Imposible describir la actividad que desplegué para poner al servicio de la
gloria de mi Reina los divinos atributos. Mientras suplicaba a nuestro Señor
que no me llevase por el camino que el Padre espiritual me había significado,
ni permitir que éste abrigara sentimientos contrarios a los míos en el orden a
la Señora, porque no quería reconocer por padre a quien no ama a mi divina Madre.

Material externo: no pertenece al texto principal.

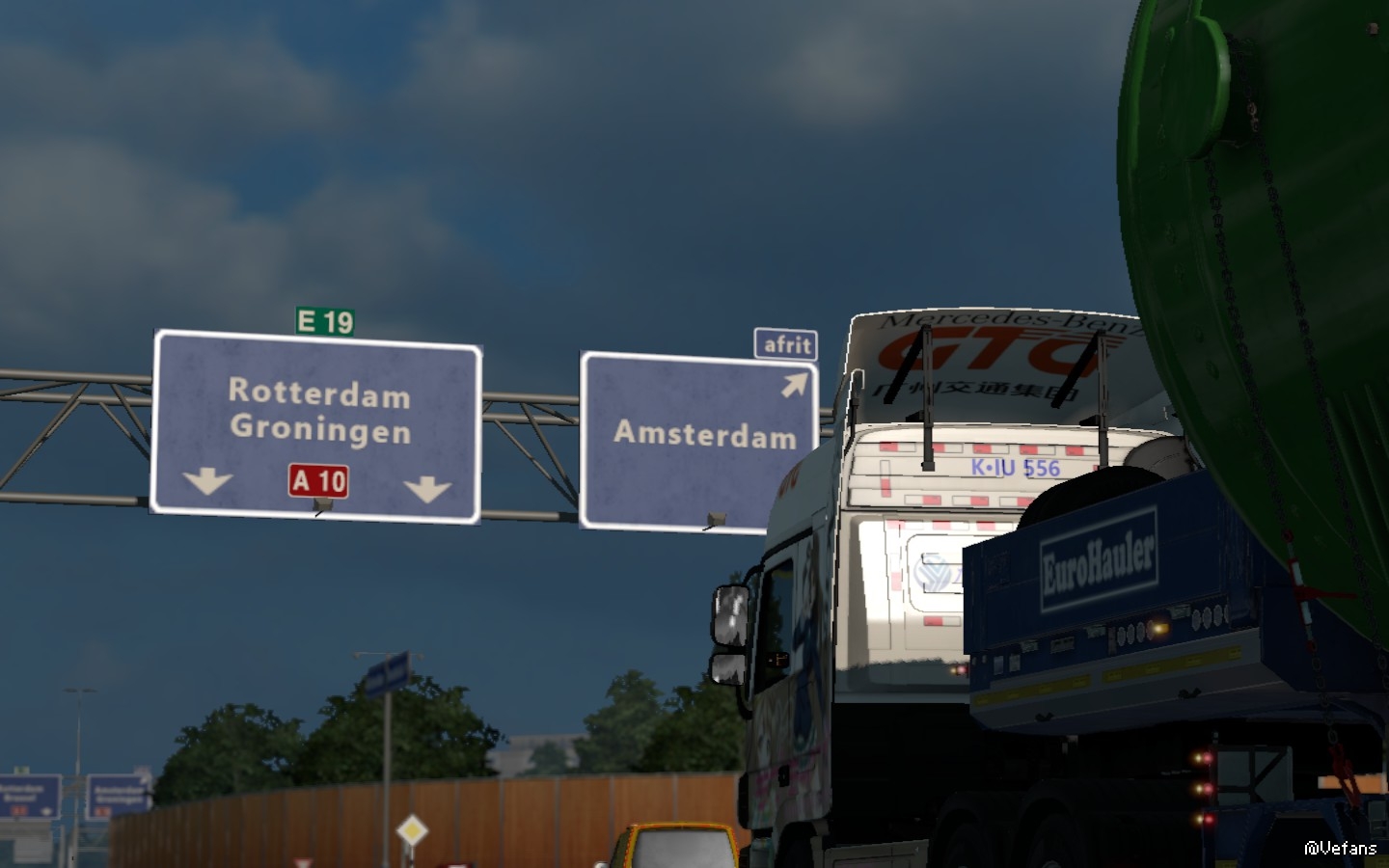 车辆行驶了约半个小时,从某入口进入往阿姆斯特丹的高速公路,在上坡时,车速不断降低,马上我就切换为低速档爬坡,经过一番努力,车辆终于带着几十吨的大家伙爬上来了,而引导车则在前面等候。

Dios nuestro Señor me dijo que la causa de no poder atender a la Virgen la
religiosa de referencia era su limitada capacidad, pero que no creyera que la Señora no interviene
en sus relaciones con las almas, incluso en las que creen éstas que reciben de
Dios directamente, y que cumpliría con gusto mis anhelos de glorificación
mariana. Procedí así siempre, si bien reconozco que mi fidelidad a la práctica
de la vida mariana es un don de Dios, el que más estimo y agradezco a mi Dios
querido.” (Opúsculos Marianos)
A propósito de esta objeción, el Concilio Vaticano II nos dice en L G, 60: “La misión maternal de María para con los hombres no oscurece ni disminuye en modo alguno la mediación única de Cristo, antes bien sirve para demostrar su poder. Pues todo el influjo salvífico de la Santísima Virgen sobre los hombres no dimana de una necesidad ineludible, sino del divino beneplácito y de la superabundancia de los méritos de Cristo; se apoya en la mediación de éste, depende totalmente de ella y de la misma saca todo su poder. Y, lejos de impedir la unión inmediata de los creyentes con Cristo, la fomenta.